**What is being asked**. Copy each record exactly and skip its pictures.

(Saved entries)
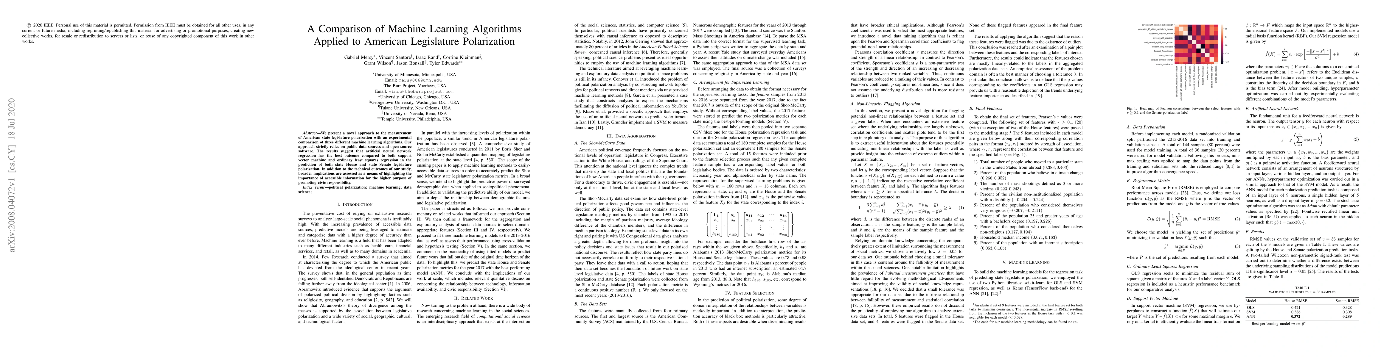 This study compares three machine learning algorithms—artificial neural network regression, support vector machine, and ordinary least squares regression—to measure American state legislature polarization using public data. The results indicate that artificial neural network regression outperforms the others in predicting polarization, emphasizing the value of open data for civic engagement.
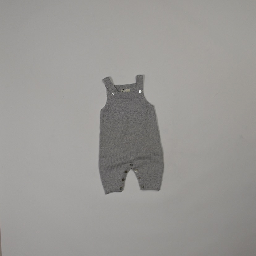 Salopette Maglificio di Verona in morbido tricot color grigio perla, con bretelle chiuse da bottoni e apertura sul cavallo per agevolare il cambio.
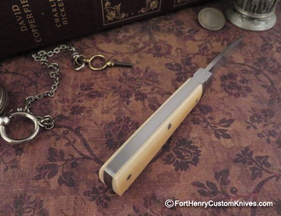 Extremely Solid build yet it absolutely radiates Precision! The CPM 154 Blade has superb “Walk and Talk” and the Half Stop is very secure. The Blade has a Labor Intensive Hand Rubbed Satin Finish and a very High hollow Grind with a Custom Swedge.
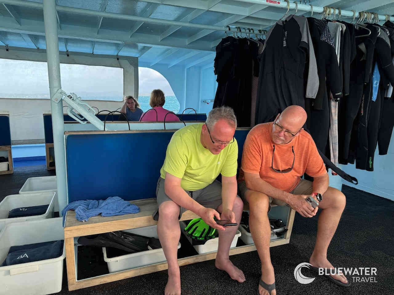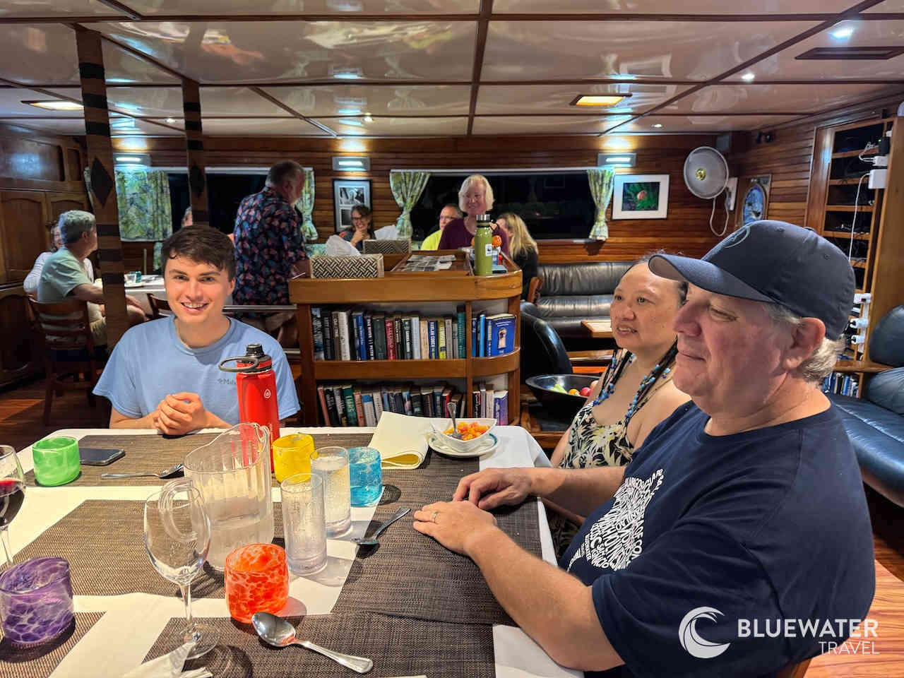 Following the first morning dive, a cooked breakfast was served at 8:30 am, based on orders placed the evening before. The remainder of the day’s schedule would be the same throughout the trip: second dive at 10:00 am; lunch at 11:30 am, third dive at 1:00 pm, snacks and workshop at 2:30 pm, dive four at 4:00 pm; dinner at 6:00 pm and the optional night dive at 7:30 pm. Delicious meals and great dives filled the day.
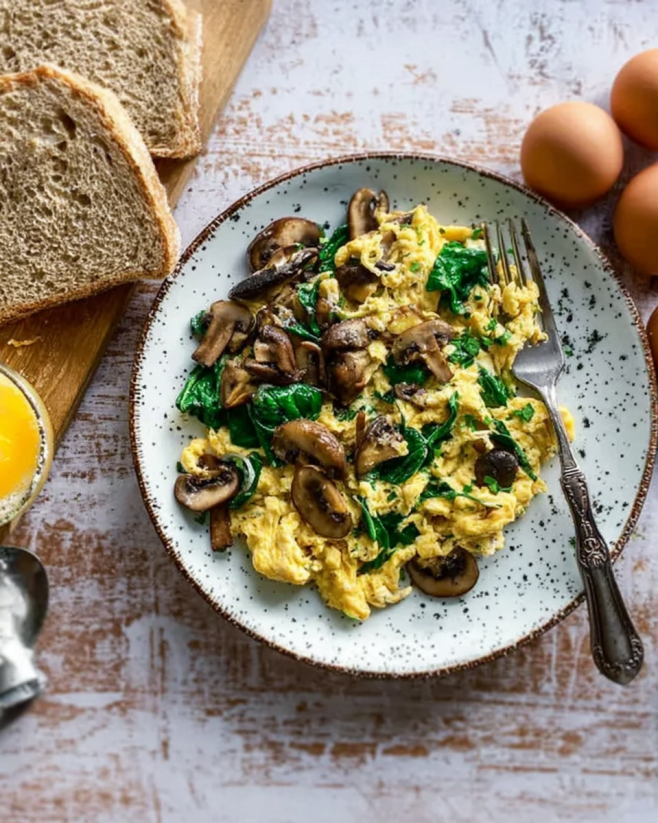 Scrambled eggs are a classic breakfast choice, loved for their simplicity and versatility. By adding mushrooms and spinach, you elevate this dish to a whole new level. The mushrooms provide a rich, savory flavor, while the spinach adds a pop of color and a boost of vitamins. Plus, this dish is quick to prepare, making it ideal for busy mornings or leisurely weekend brunches.

**Worked solution**.
 This study compares three machine learning algorithms—artificial neural network regression, support vector machine, and ordinary least squares regression—to measure American state legislature polarization using public data. The results indicate that artificial neural network regression outperforms the others in predicting polarization, emphasizing the value of open data for civic engagement.
 Salopette Maglificio di Verona in morbido tricot color grigio perla, con bretelle chiuse da bottoni e apertura sul cavallo per agevolare il cambio.
 Extremely Solid build yet it absolutely radiates Precision! The CPM 154 Blade has superb “Walk and Talk” and the Half Stop is very secure. The Blade has a Labor Intensive Hand Rubbed Satin Finish and a very High hollow Grind with a Custom Swedge.
 Following the first morning dive, a cooked breakfast was served at 8:30 am, based on orders placed the evening before. The remainder of the day’s schedule would be the same throughout the trip: second dive at 10:00 am; lunch at 11:30 am, third dive at 1:00 pm, snacks and workshop at 2:30 pm, dive four at 4:00 pm; dinner at 6:00 pm and the optional night dive at 7:30 pm. Delicious meals and great dives filled the day.
 Scrambled eggs are a classic breakfast choice, loved for their simplicity and versatility. By adding mushrooms and spinach, you elevate this dish to a whole new level. The mushrooms provide a rich, savory flavor, while the spinach adds a pop of color and a boost of vitamins. Plus, this dish is quick to prepare, making it ideal for busy mornings or leisurely weekend brunches.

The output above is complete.